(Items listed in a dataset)

-- Opening Marker --

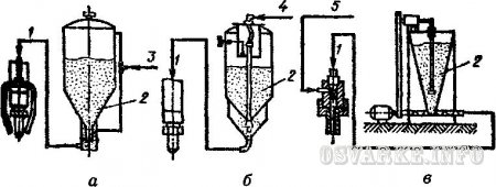 Рис. 52. Схема подачи флюса: а - с внешней подачей; б - однопроводная под высоким давлением; в - с механической подачей; 1 - газофлюсовая смесь; 2 - флюс; 3 - флюсонесущий газ; 4 - кислородно-флюсовая смесь; 5 – режущий кислород
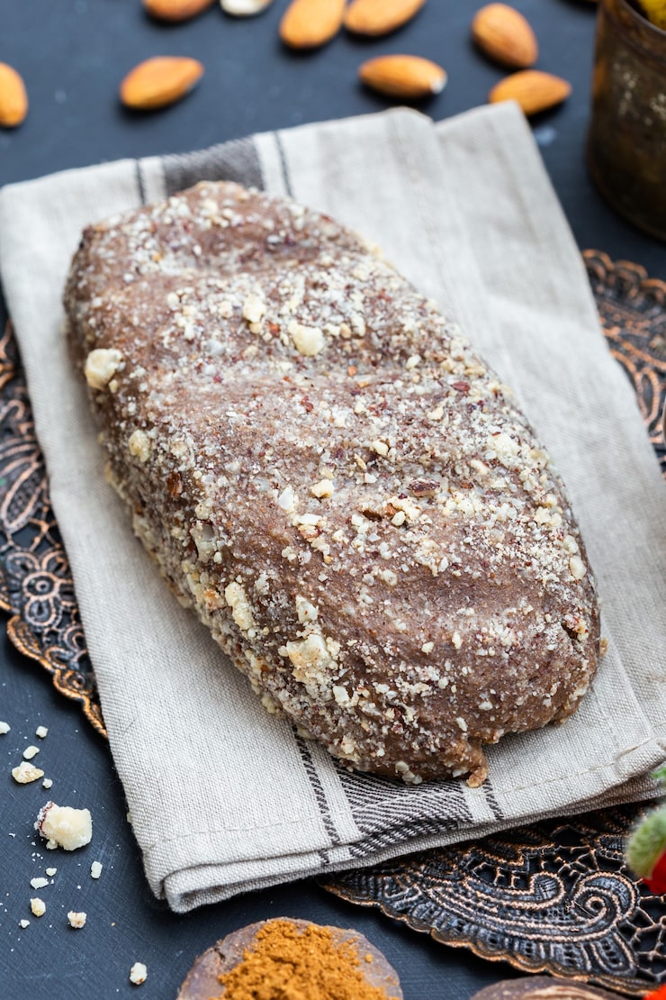 Аккуратно распределите тесто, сформировав пласт, затем сверните его в рулет, тщательно запечатывая каждый виток.
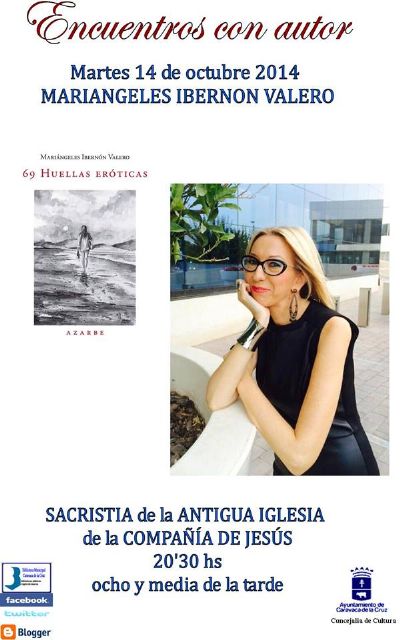 Por otra parte, la Concejalía de Cultura comienza este mes de octubre con los encuentros con autor que se programan mensualmente en colaboración con escritores de la Región de Murcia. La escritora ceheginera Mariangeles Ibernón Valero será la encargada de iniciar el nuevo ciclo de encuentros el próximo 14 de octubre a las 20.30 horas, en la sacristía de la antigua iglesia de la Compañía de Jesús.
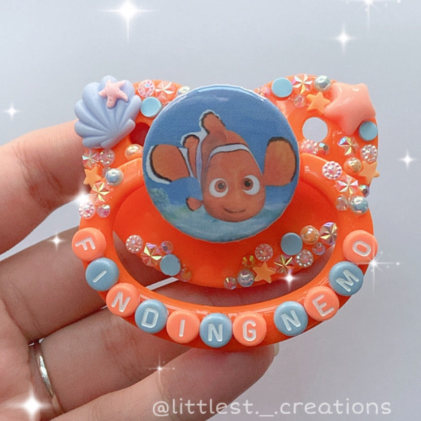 Deco adult pacifier available for remakes! this product will be made after ordering and could take 1 day to 2 weeks to complete at the very maximum! please dm me at @littlest._.creations for any questions!
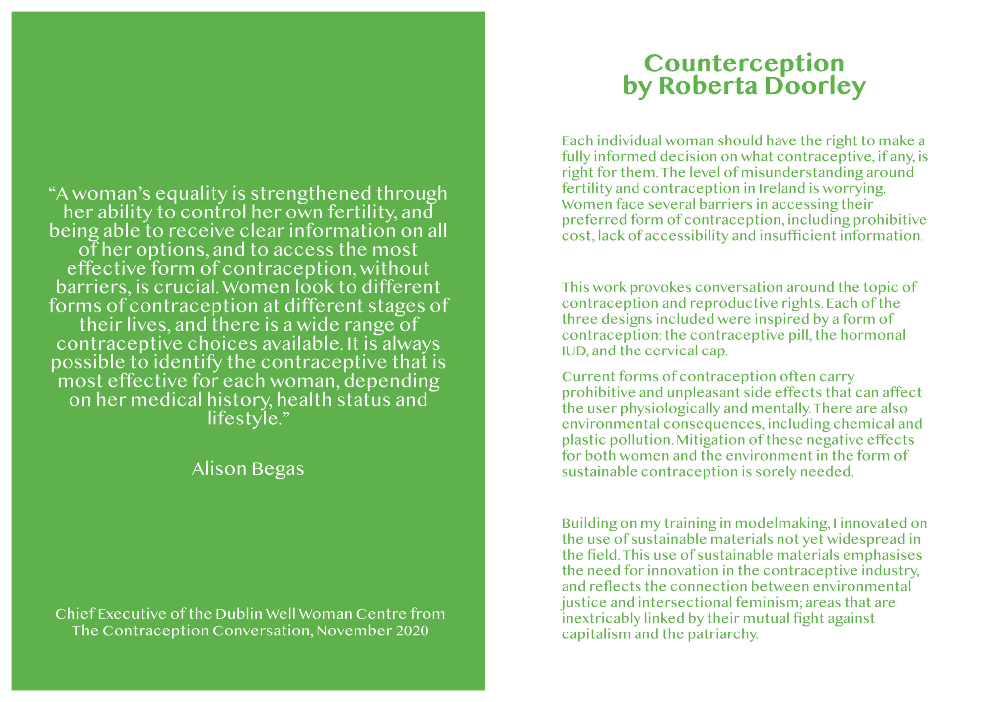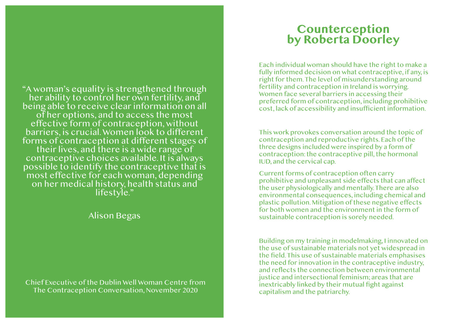 These models were initially intended to be displayed outdoors on shrubs and trees for the public to come across in a PR "stunt". This would bring awareness to research done by the Dublin Well Woman Centre, which found that women in Ireland are poorly informed as to their reproductive rights and options. Because of the pandemic the project developed and my final design is intended to be displayed in a published maker's book and/or photographic exhibition. It was important to me to use and innovate with sustainable materials and processes by building on the modelmaking skills I have learnt over the past 4 years.
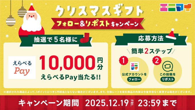 【X懸賞】えらべるPay10,000円分を5名様にプレゼント 2025.12.17エニマイ‐フォロー&リポストキャンペーン 賞品:えらべるPay1万円分(5名様) 締切:2025年12月19日(金)公式X(Twitter)アカウントをフォロー&キャンペーン対象ポストをリポストしてご応募ください。※詳細はキャンペーンページにてご確認ください。応募はこちらから
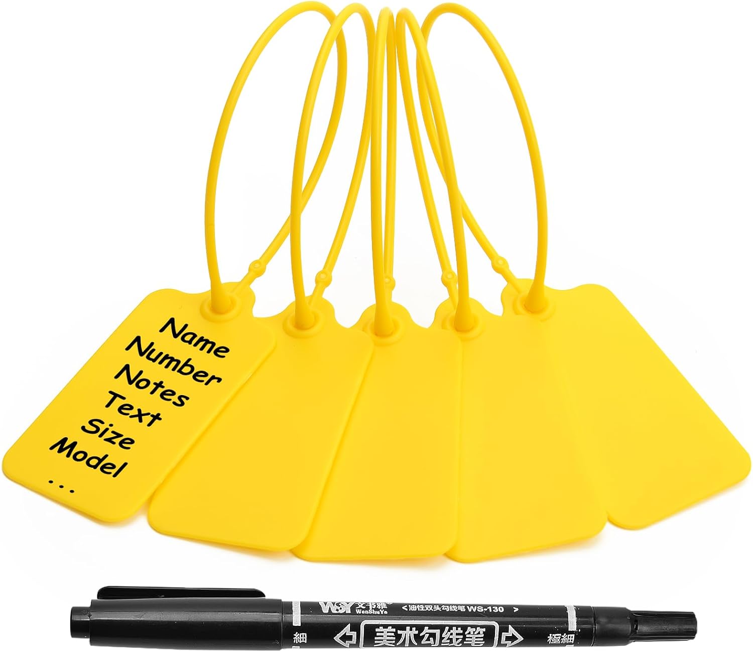 - Writable Tags: The blank platic seal tags can be written on with permanent markers to clearly identify assets. Package include: 50pcs yellow tags and one permanent marking pen.
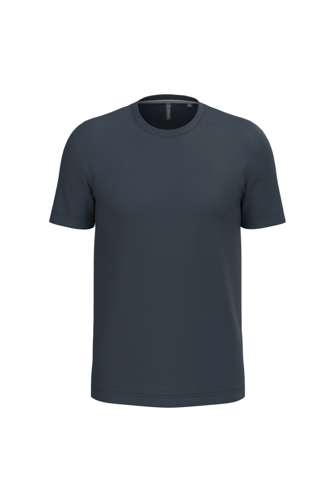100% gekämmte Baumwolle, Enzymwäsche veredelt (Oxford Grey : 90 % Baumwolle /10 % Viskose). Gerader Schnitt. Nackenband (Oxford Grey bei farbigen Shirts, White bei weißen Shirts, Dark Grey bei Shirts in Oxford Grey). Doppelnähte an Ärmeln und Saum.
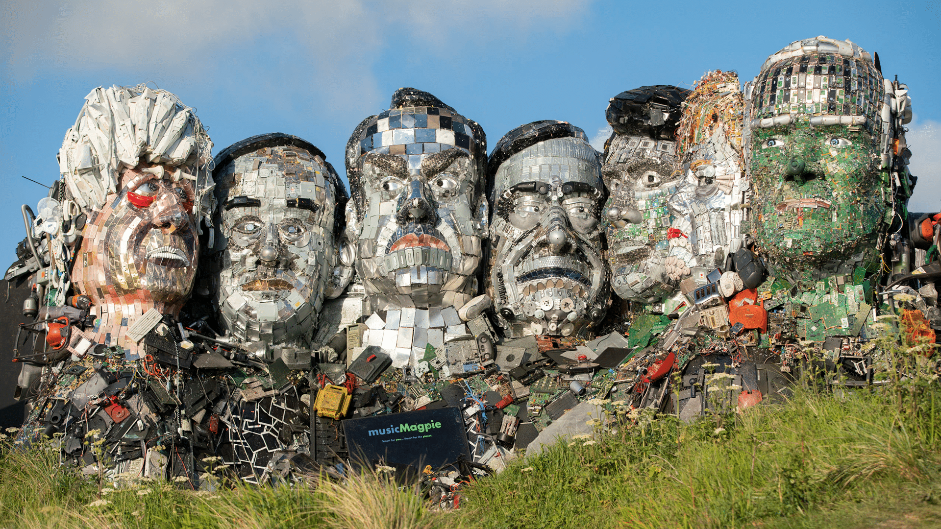 Qualcosa di simile e di altrettanto imponente è comparso nei giorni scorsi in Cornovaglia, ed è opera di un’artista di nome Joe Rush. La struttura – realizzata interamente con scarti derivanti da discariche di rifiuti tecnologici – rappresenta i leader del G7 che si incontreranno in questi giorni per parlare di clima ed ambiente.
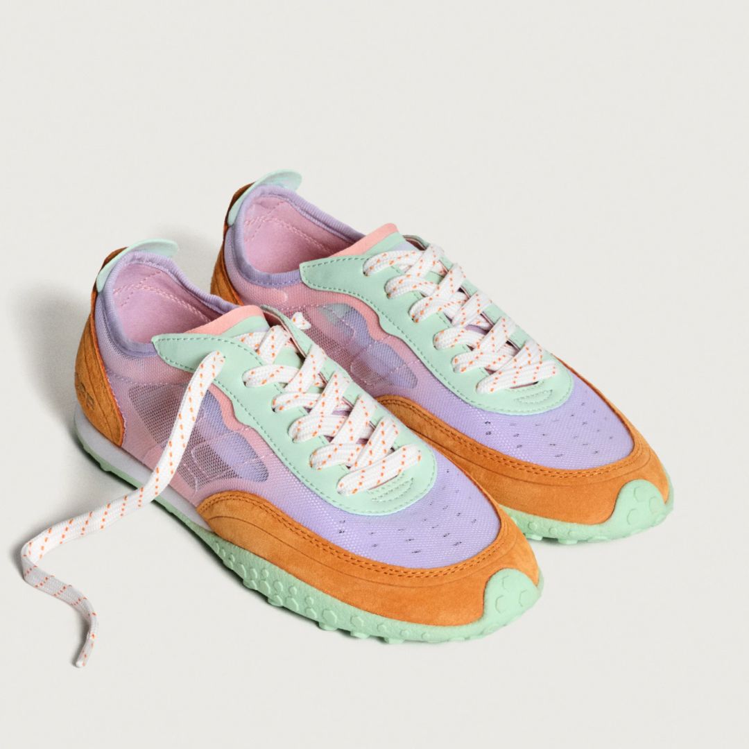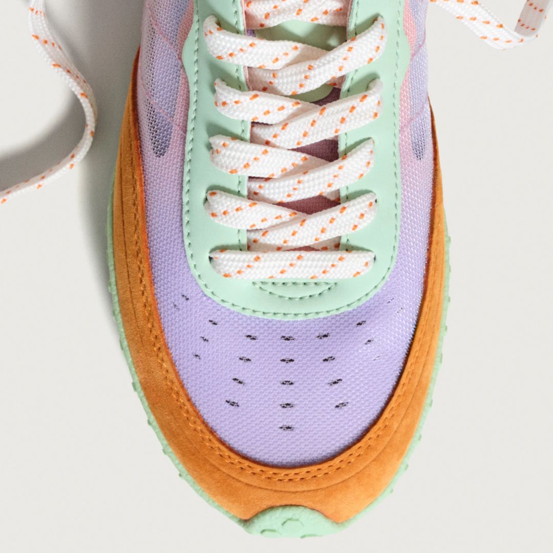 Sneaker en combinación de materiales. Parte trasera con detalle de logo. Suela con textura para mayor agarre. Cierre mediante cordones a tono.
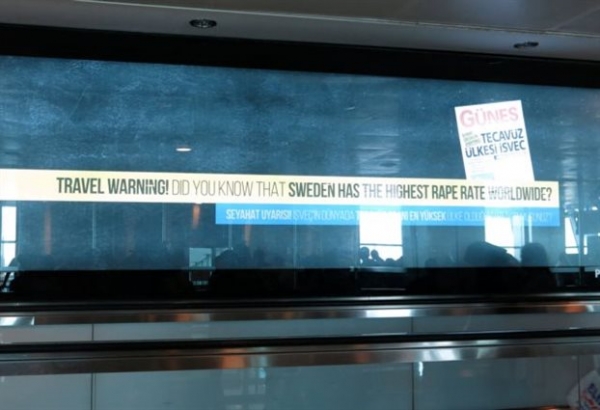 «Ταξιδιωτική προειδοποίηση: Ξέρετε πως η Σουηδία έχει το υψηλότερο ποσοστό βιασμών παγκοσμίως;» έγραφε η γιγαντοαφίσα που βρίσκεται κατά μήκος κυλιόμενου διαδρόμου στο τμήμα αναχωρήσεων του διεθνούς τέρμιναλ του αεροδρομίου Ατατούρκ.
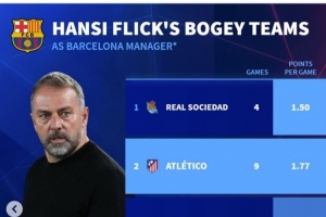 体育资讯4月9日讯 欧冠1/4决赛首回合比赛,巴萨主场0-2不敌马竞,据德国转会市场统计,弗里克执教巴萨以来对阵马竞场均拿到1.77分,仅多于对阵皇家社会的1.5分。
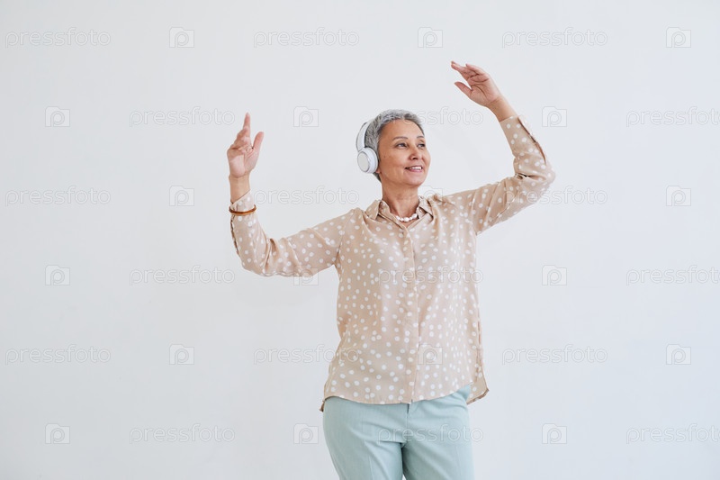 Пожилая женщина, слушающая музыку и танцы
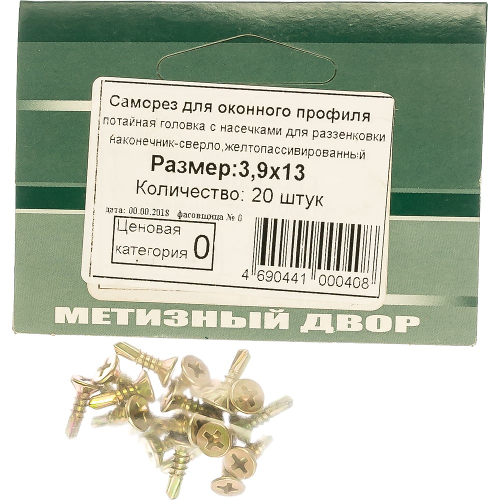 Оконный саморез Метизный двор 3,9x13 сверло, желтый, 20 шт. 4690441000408
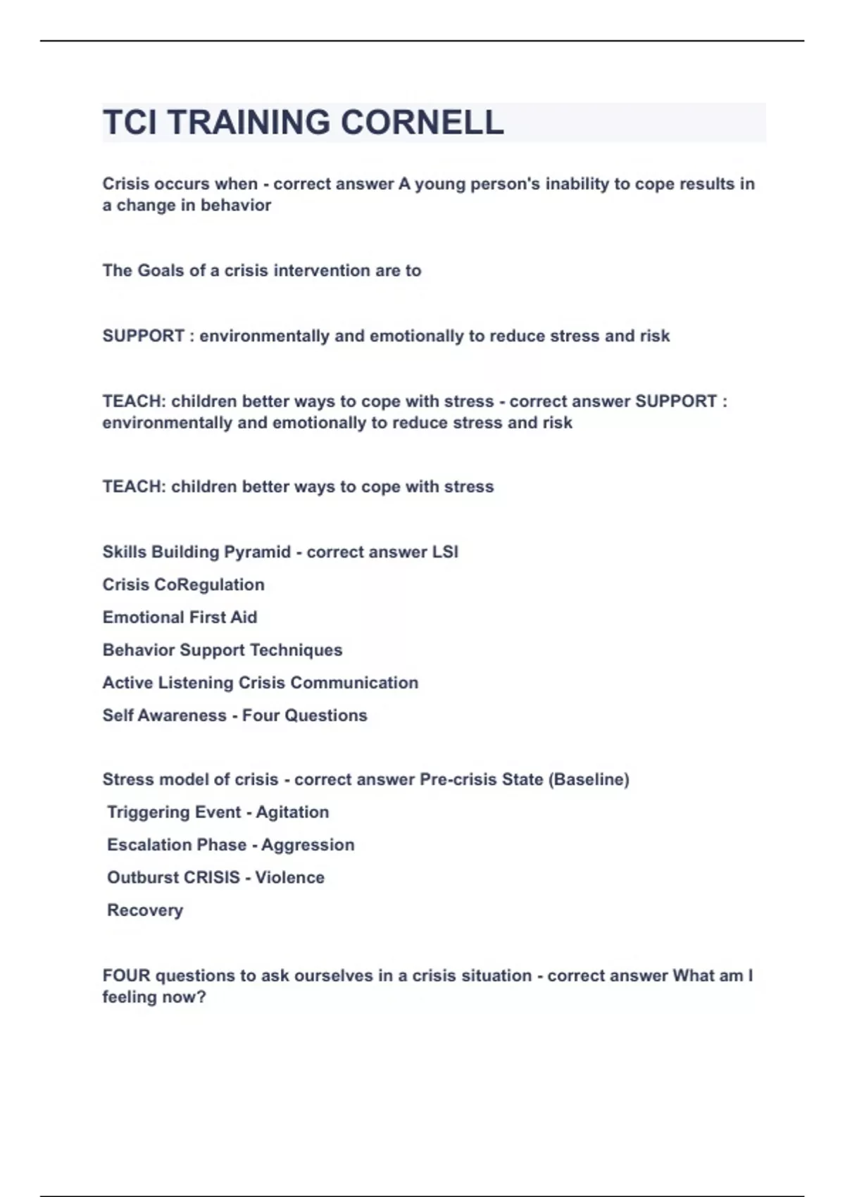 TCI TRAINING CORNELL|UPDATED&VERIFIED|100% SOLVED|GUARANTEED SUCCESS
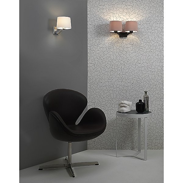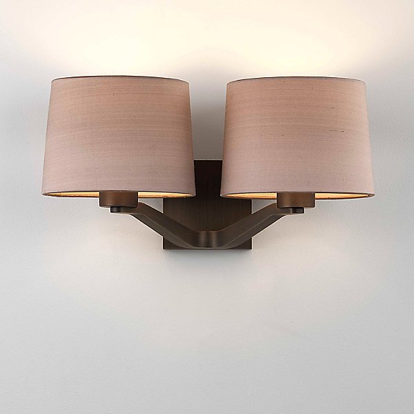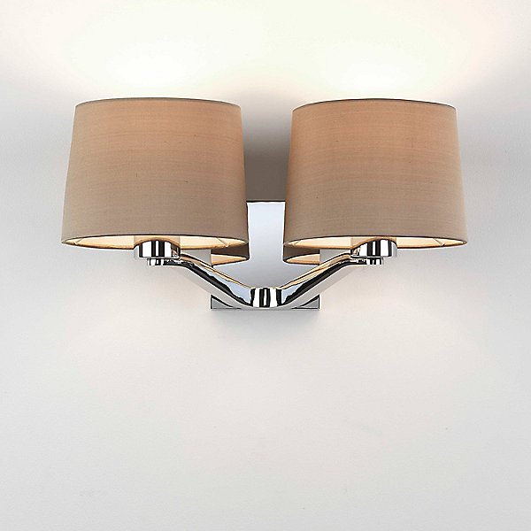 Twin arm wall light in modern style with cylindrical lamp shades. Uses 2xE27 lamp (excl).
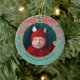 Ornamento De Cerâmica O Primeiro Natal do Bebê da Poinsettia Vermelha e
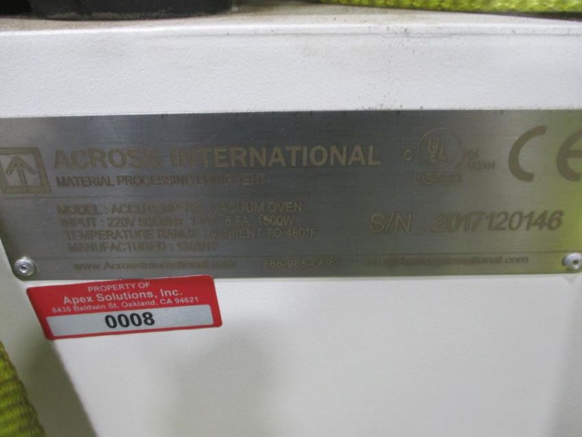 Across International Accutemp-75a Digital Vacuum Oven, Amb to 480F, 220V. S/N: 2017120146. S/N: 2017120146. HIT# 2329221. Loc: G17. Asset Located at 26545 Danti Court, Hayward, CA 94545.
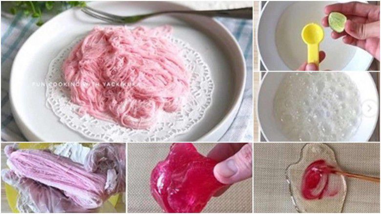 10. Balur adonan gula dengan tepung dan buat lubang di tengahnya. Tarik terus adonan sambil sesekali dilipat. Lakukan terus sampai adonan berubah seperti rambut. Rambut nenek pun siap disantap.
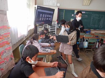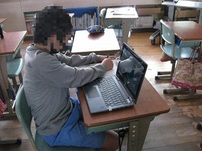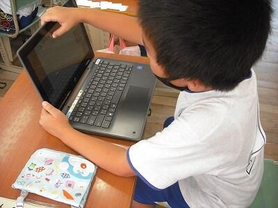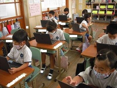 給食後、下校し、クラスの約半数の児童がリモート会議を用いて授業を受けました。
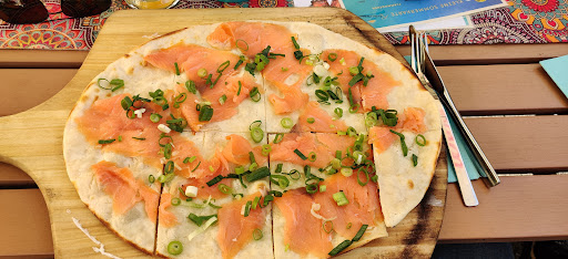 Ok..great outside terraces, very well decorated. But this is where the problem starts. 3 of us wanted 2 coffees and 1 beer. We asked if they would come to the table? Yes. Then immediately requested to come inside as it is self service.. 20 or so mins later a waiter told us we couldn't sit at that table?!? Food etc is served behind a roped off terrace on the left without any sign? Something to do with 2 businesses in 1 and only one permission certificate from the city of Lahnstein. I won't visit again as I felt it confusing although the guy was polite. The waitresses definitely appeared to have only been working for one day. Location very good and as I said decor plus music programm good. Price for our drinks, nothing fancy...

-- Closing Marker --

▶ Aim of the task
Would you copy every entry exactly as it stands, leaving out the pictures?

▶ Your solution
 Рис. 52. Схема подачи флюса: а - с внешней подачей; б - однопроводная под высоким давлением; в - с механической подачей; 1 - газофлюсовая смесь; 2 - флюс; 3 - флюсонесущий газ; 4 - кислородно-флюсовая смесь; 5 – режущий кислород
 Аккуратно распределите тесто, сформировав пласт, затем сверните его в рулет, тщательно запечатывая каждый виток.
 Por otra parte, la Concejalía de Cultura comienza este mes de octubre con los encuentros con autor que se programan mensualmente en colaboración con escritores de la Región de Murcia. La escritora ceheginera Mariangeles Ibernón Valero será la encargada de iniciar el nuevo ciclo de encuentros el próximo 14 de octubre a las 20.30 horas, en la sacristía de la antigua iglesia de la Compañía de Jesús.
 Deco adult pacifier available for remakes! this product will be made after ordering and could take 1 day to 2 weeks to complete at the very maximum! please dm me at @littlest._.creations for any questions!
 These models were initially intended to be displayed outdoors on shrubs and trees for the public to come across in a PR "stunt". This would bring awareness to research done by the Dublin Well Woman Centre, which found that women in Ireland are poorly informed as to their reproductive rights and options. Because of the pandemic the project developed and my final design is intended to be displayed in a published maker's book and/or photographic exhibition. It was important to me to use and innovate with sustainable materials and processes by building on the modelmaking skills I have learnt over the past 4 years.
 【X懸賞】えらべるPay10,000円分を5名様にプレゼント 2025.12.17エニマイ‐フォロー&リポストキャンペーン 賞品:えらべるPay1万円分(5名様) 締切:2025年12月19日(金)公式X(Twitter)アカウントをフォロー&キャンペーン対象ポストをリポストしてご応募ください。※詳細はキャンペーンページにてご確認ください。応募はこちらから
 - Writable Tags: The blank platic seal tags can be written on with permanent markers to clearly identify assets. Package include: 50pcs yellow tags and one permanent marking pen.
100% gekämmte Baumwolle, Enzymwäsche veredelt (Oxford Grey : 90 % Baumwolle /10 % Viskose). Gerader Schnitt. Nackenband (Oxford Grey bei farbigen Shirts, White bei weißen Shirts, Dark Grey bei Shirts in Oxford Grey). Doppelnähte an Ärmeln und Saum.
 Qualcosa di simile e di altrettanto imponente è comparso nei giorni scorsi in Cornovaglia, ed è opera di un’artista di nome Joe Rush. La struttura – realizzata interamente con scarti derivanti da discariche di rifiuti tecnologici – rappresenta i leader del G7 che si incontreranno in questi giorni per parlare di clima ed ambiente.
 Sneaker en combinación de materiales. Parte trasera con detalle de logo. Suela con textura para mayor agarre. Cierre mediante cordones a tono.
 «Ταξιδιωτική προειδοποίηση: Ξέρετε πως η Σουηδία έχει το υψηλότερο ποσοστό βιασμών παγκοσμίως;» έγραφε η γιγαντοαφίσα που βρίσκεται κατά μήκος κυλιόμενου διαδρόμου στο τμήμα αναχωρήσεων του διεθνούς τέρμιναλ του αεροδρομίου Ατατούρκ.
 体育资讯4月9日讯 欧冠1/4决赛首回合比赛,巴萨主场0-2不敌马竞,据德国转会市场统计,弗里克执教巴萨以来对阵马竞场均拿到1.77分,仅多于对阵皇家社会的1.5分。
 Пожилая женщина, слушающая музыку и танцы
 Оконный саморез Метизный двор 3,9x13 сверло, желтый, 20 шт. 4690441000408
 TCI TRAINING CORNELL|UPDATED&VERIFIED|100% SOLVED|GUARANTEED SUCCESS
 Twin arm wall light in modern style with cylindrical lamp shades. Uses 2xE27 lamp (excl).
 Ornamento De Cerâmica O Primeiro Natal do Bebê da Poinsettia Vermelha e
 Across International Accutemp-75a Digital Vacuum Oven, Amb to 480F, 220V. S/N: 2017120146. S/N: 2017120146. HIT# 2329221. Loc: G17. Asset Located at 26545 Danti Court, Hayward, CA 94545.
 10. Balur adonan gula dengan tepung dan buat lubang di tengahnya. Tarik terus adonan sambil sesekali dilipat. Lakukan terus sampai adonan berubah seperti rambut. Rambut nenek pun siap disantap.
 給食後、下校し、クラスの約半数の児童がリモート会議を用いて授業を受けました。
 Ok..great outside terraces, very well decorated. But this is where the problem starts. 3 of us wanted 2 coffees and 1 beer. We asked if they would come to the table? Yes. Then immediately requested to come inside as it is self service.. 20 or so mins later a waiter told us we couldn't sit at that table?!? Food etc is served behind a roped off terrace on the left without any sign? Something to do with 2 businesses in 1 and only one permission certificate from the city of Lahnstein. I won't visit again as I felt it confusing although the guy was polite. The waitresses definitely appeared to have only been working for one day. Location very good and as I said decor plus music programm good. Price for our drinks, nothing fancy...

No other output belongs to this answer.